Потом я понял, что перепонки мои дрожат не только от визга карги. Не видя его, я знал, что мой призрачный брат сгибается пополам, содрогается от хохота:
– Не уберегли! Не знал, что за ужас с ним творят! Несмышлёныш! Невинная жертва! Растлённая этой… Престарелой… Двадцатипятилетней… Развратницей!
Ржал он без удовольствия – злобно, болезненно, на грани кашля и крика. По чести, с ним случилась форменная истерика. Зато я пришёл в прекрасное расположение духа и еле удержал танцующие на пути к улыбке уголки губ: ситуация в самом деле была уморительной.
Обогнув горланящую каргу и сцепившую пальцы Эхо, я прошёл на кухню. Напевая, стукнул стаканом о столешницу, наполнил его водой, развязал ладанку, наугад вытащил камешек, – возьмись я сравнивать ядовитых близнецов, проблема выбора имела все шансы занять меня до ночи.
Одинокий сгусток отравы нырнул с весёлым плеском, секунду покоился на дне, потом вспыхнул белоснежной пеной, которая вскоре рассеялась, сдулась, усугубив прозрачность стекла и хрустальное сияние воды.
– Мам, – насилие, применённое к языку, возмутило вкусовые рецепторы, будто я набрал под нёбо приторной, гнилостной жижи. – На, мам, успокойся.
Карга оторопела. Застыла, не закрыв рот. Звук сошёл на нет постепенно. Сверкнула глазами. Уверен, она не думала, не анализировала мотивы, но автопилот вёл её в дебри, в болото, во власть иллюзии: я раскаялся, испугался, сломался, теперь она пойдёт в атаку…
– Мне? Мне успокоиться?! Мне?! – разразилась торжествующим кличем.
На таких децибелах она ещё не вопила. Последнее «мне?!» вышло с посвистом, с предвестником сипения. Можно ли было терять форму, когда мы едва вышли на новый виток? Старуха схватила стакан и влила его в глотку одним махом.

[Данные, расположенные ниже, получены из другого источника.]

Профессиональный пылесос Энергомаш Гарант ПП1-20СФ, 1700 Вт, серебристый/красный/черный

Она кричала мне в лицо минуту, две, три. Лексика была та же – «бедный, сам не понял, я не доглядела» – но тональность сменилась. Я должен был признать вину, грех и позор, расписаться в беззащитности, сдать оружие.
Потом кричала, как взбесившийся телевизор в дождливый день: пропуская слоги, подменяя фразы раскатистыми хрипами, отряхиваясь, охаживая глухими хлопками живот и грудь, пытаясь избавиться от чего-то непонятного, надоедливого, отмахнуться от того, что мешало вопить. Скукоженная физиономия расправилась, как надутый мяч, налилась кровью.
– Ой, довели!
Осознав, что дурно ей по-настоящему, карга вторично восторжествовала и с избыточной неуклюжестью осела на пол.

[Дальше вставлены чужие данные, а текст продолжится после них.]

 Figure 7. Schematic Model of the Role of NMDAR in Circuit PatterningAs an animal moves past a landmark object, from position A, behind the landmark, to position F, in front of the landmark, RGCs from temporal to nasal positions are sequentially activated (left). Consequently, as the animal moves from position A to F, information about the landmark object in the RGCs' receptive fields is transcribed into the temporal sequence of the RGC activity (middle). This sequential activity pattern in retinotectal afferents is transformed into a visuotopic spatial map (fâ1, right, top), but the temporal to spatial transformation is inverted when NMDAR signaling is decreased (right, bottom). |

– Не придумывай, не довели. Я просто тебя отравил.
Мой тон не соответствовал словам: таким голосом флиртуют – не ради победы, а ради наслаждения процессом. Насмешливая доброжелательность, небрежная обходительность.
Я оглянулся и понял, что Эхо поверила сразу: зажала рот руками, отступила, но ужас в её глазах был живым, в противовес эмоциональной коме, владевшей ею после того, как нас поймали. Её отпустило. Ещё бы: вот уж на что я не был похож, склоняясь над агонизирующей старухой, так это на невинную жертву.

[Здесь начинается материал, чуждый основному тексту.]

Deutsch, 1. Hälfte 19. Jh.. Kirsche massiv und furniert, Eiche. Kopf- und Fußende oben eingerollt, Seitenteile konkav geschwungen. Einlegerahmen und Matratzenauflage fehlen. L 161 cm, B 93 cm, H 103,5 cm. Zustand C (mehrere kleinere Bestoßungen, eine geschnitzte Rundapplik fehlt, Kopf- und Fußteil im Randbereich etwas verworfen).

Карге же потребовалось время, чтобы осознать, что я не шучу, и завести прерываемые кряканьем и онемением мантры: «Ты же мой сыночек, я же тебя выносила, себялюбивая тварь, я же тебя выносила…».
«Не позаботившись о том, чтоб хоть кто-то мог вынести её, – прошипел мой призрачный, настоящий брат».
Вспышки его жалости были подобны коротким замыканиям, но ровным, слепым, всеобъемлюще чёрным светом горело его отчуждение – солнце полуночи, отменяющее старуху, душные ковры, клеёнчатые занавески.
Мной же правили азарт и любопытство, на языке больше не вертелось: «Живым не возьмёте», я наслаждался моментом и весело бесился от пакостного: «Сыночек, сыночек…».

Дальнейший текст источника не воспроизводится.